Eine Ära neigt sich beim FC Bayern München so langsam dem Ende entgegen. Ganz unabhängig davon, wie das Champions League-Halbfinale gegen den FC Barcelona am Ende ausgeht, muss der Rekordmeister den Umbruch einleiten. Und zwar nicht nur auf dem Flügel, wo Arjen Robben (31) und Franck Ribéry (32) den Zenit ihres Schaffens bald überschreiten könnten, sondern auch in der Zentrale. Immerhin zählen Bastian Schweinsteiger (30), Philipp Lahm (31) und Xabi Alonso (33) allesamt zur Ü30-Fraktion.

Fakt ist: Die bayrische Scouting-Abteilung hat längst die Aufgabe, den Blick quer über den Globus schweifen zu lassen, um geeignete Kandidaten zu finden und zu beurteilen. Laut einem Bericht der ‚Sport Bild‘ haben die Bayern den Berater von Marco Verratti bereits kontaktiert. Dies habe bei Paris St. Germain für Irritation gesorgt, heißt es weiter.

Verratti ist bei PSG trotz seiner erst 22 Jahre schon der unumstrittene Chef in der Mittelfeld-Zentrale. Klares Passspiel, starke Spieleröffnung und kurze, schnelle Drehungen, um in die Lücken zu stoßen, sind die größten Qualitäten des nur 1,65 Meter kleinen Spielgestalters. Damit würde Verratti exakt in das spielerische Anforderungsprofil von Pep Guardiola passen. Hinzu kommt, dass der junge Italiener in Paris nicht zu den Top-Verdienern zählt. 2012 kam der Youngster für zwölf Millionen Euro vom Serie B-Klub Delfino Pescara an die Seine. Seitdem hat PSG sein Gehalt zwar zweimal angeglichen, in Dimensionen wie Zlatan Ibrahimovic, Thiago Silva oder Edinson Cavani ist Verratti allerdings noch nicht vorgestoßen. Real Madrid soll derweil in fortgeschrittenen Gesprächen mit Verratti stehen.

Auch Tielemans ein Thema

Neben dem Pariser bringt ausgerechnet Ex-Bayer Daniel van Buyten einen interessanten Kandidaten ins Spiel: Youri Tielemans vom RSC Anderlecht. „Tielemans ist ein Spieler, den Bayern beobachtet“, versichert van Buyten gegenüber der Zeitung ‚Het Nieuwsblad‘, „er muss sicherlich noch viel lernen, aber er ist eines der größten Talente seiner Generation. Außerdem ist er sehr gut finanzierbar.“

Um den 17-jährigen Regisseur wirbt allerdings die halbe europäische Elite. Und wie man im Fall Martin Ödegaard miterleben konnte, kann auch der FC Bayern im Kampf um einen Spieler, den man unbedingt haben möchte, den kürzeren ziehen.

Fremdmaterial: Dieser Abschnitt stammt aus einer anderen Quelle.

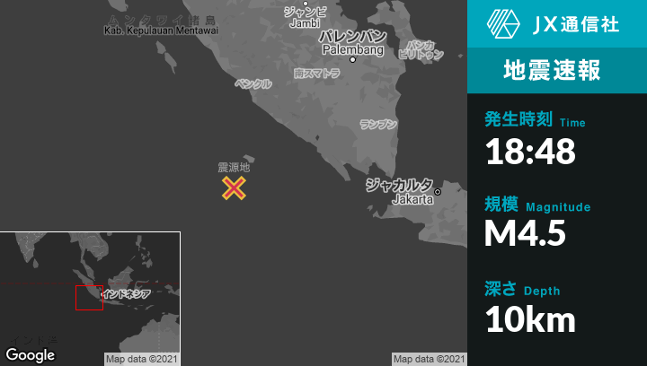 | 震源地 | インドネシアのBengkuluから南245kmの地点 |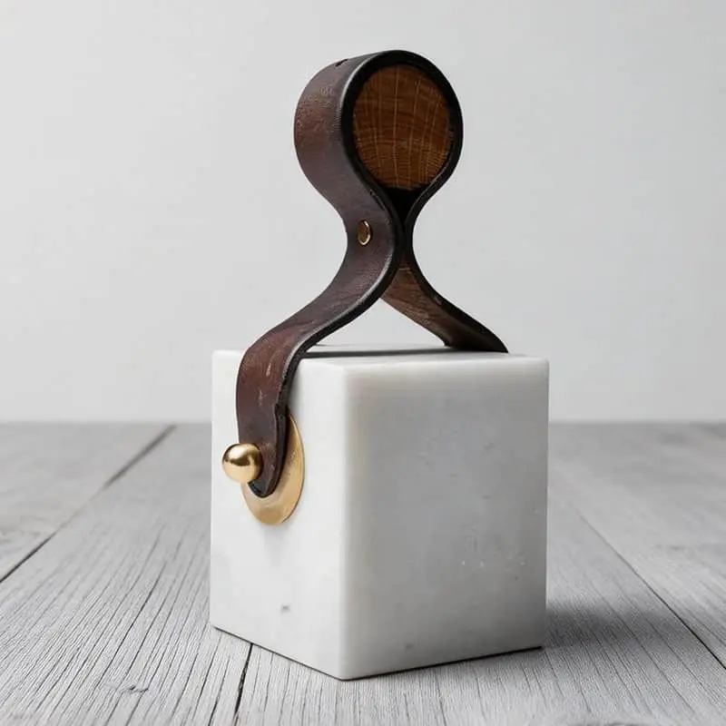 This modern table lamp is crafted from solid natural alabaster and accented with a refined leather handle, creating a distinctive balance between stone, metal, and soft material detail.

Klar ist: Der Umbruch bei den Bayern muss nicht von heute auf morgen über die Bühne gehen. Außerdem stehen mit Thiago, Javi Martínez, den zurzeit verletzten David Alaba und Sebastian Rode sowie Talent Gianluca Gaudino und dem an den FC Augsburg ausgeliehen Pierre-Emile Höjbjerg Spieler im Kader, die ein Vakuum zunächst schließen könnten. Dennoch kein heißes Thema ist Ilkay Gündogan. Denn laut ‚Sport Bild‘ bestehen in der Führungsetage der Bayern Zweifel an der Fitness und der Form des lange Zeit am Rücken verletzten Nationalspielers, der Borussia Dortmund im Sommer wohl verlassen wird. Sowohl Verratti als auch Tielemans stehen derzeit höher im Kurs.